A.new.add # it also prints in method missing & add method is missing.

Of course. A.new creates a new instance of A. This new object doesn’t
have any instance methods of its own (except those which it inherits
from Object), so calling A.new.anything will trigger the method_missing
hook.

which i don’t want I want that class method go which return an instance
should call method_missing not an instance which is created
by A.new

I’m not sure what you mean - can you give a more concrete example? Your
class method A.go calls A.new internally, so there is obviously no
difference between an object created by A.go and one created by A.new.

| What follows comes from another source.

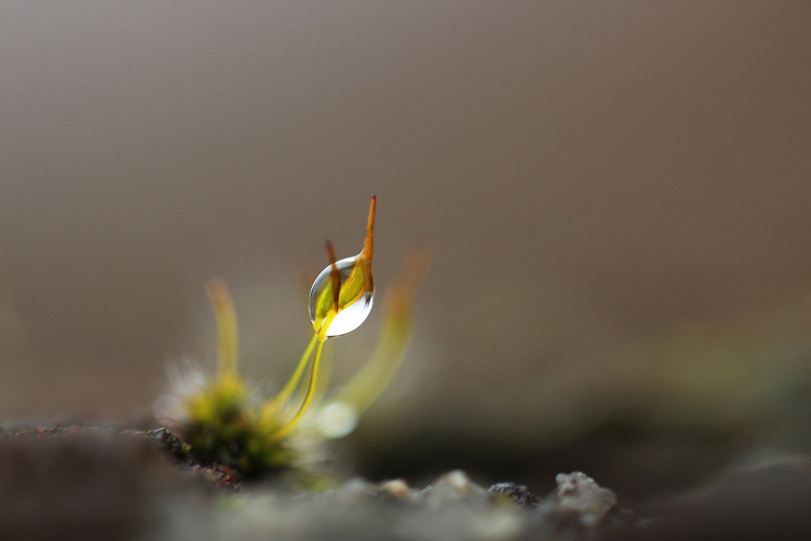 Ga eens op de knietjes voor mosjes die overal op en tussen groeien en een paar gewone grassprieten met regen- of dauwdruppels kunnen al garant staan voor prachtige foto’s! Zelfs van stenen kun je kunstzinnige abstracte beelden maken.

Do you want to prevent a user from calling A.new? You can do

class A
class << self
protected :new
end
end

But in Ruby, you can never prevent anything 100%. There are many
different ways a user could call A.new bypassing this restriction (e.g.
using class_eval or send)

Otherwise, if you want an object returned by A.go to behave differently
to an object returned by A.new, then you will have to make them
different somehow. For example:

  • A.go returns an object of a different class
  • A.go returns an object with instance variables set differently
  • A.go returns an object with singleton methods

An example of the third case:

class A
def A.go
res = A.new
def res.method_missing(*args)
puts “method_missing: #{args.inspect}”
end
res
end
end
A.go.wibble # has method_missing method
A.new.wibble # doesn’t

This can be done in a cleaner, more extendable way:

class A
module GoMethods
def method_missing(*args)
puts “method_missing: #{args.inspect}”
end
end
def A.go
A.new.extend GoMethods
end
end
A.go.wibble
A.new.wibble

The objects returned by these two calls are both instances of class A,
but one has singleton methods added. This has some consequences - in
particular, objects with a singleton class cannot be serialised using
Marshal.dump

You don’t get that problem if you just return an instance of a different
class:

class A
class SoupedUp < A
def method_missing(*args)
puts “method_missing: #{args.inspect}”
end
end
def A.go
SoupedUp.new
end
end
A.go.wibble # instance of A::SoupedUp
A.new.wibble # instance of A

HTH,

Brian.

Fabian S. wrote:

hi, try this:

class A
class << self
def go
obj = A.new
def obj.method_missing *args
p ‘method missing’
end
obj
end
end
end

A.go.uiae
A.new.uiae

Greetz!

i checked this program was run the out put is
[email protected]:~/Ruby/meta_class_&patanahi_23_july$ ruby test_meta3.rb
“method missing”
test_meta3.rb:14: undefined method `uia’ for #<A:0xb7ca3944>
(NoMethodError)
[email protected]:~/Ruby/meta_class
&_patanahi_23_july$

Hi –

On Mon, 27 Jul 2009, Hunt H. wrote:

puts in methodmissing
If you don’t get a syntax error there, you’ve got a very strange
version of Ruby installed :slight_smile:

now when i create an object

A.new.add # it also prints in method missing & add method is missing.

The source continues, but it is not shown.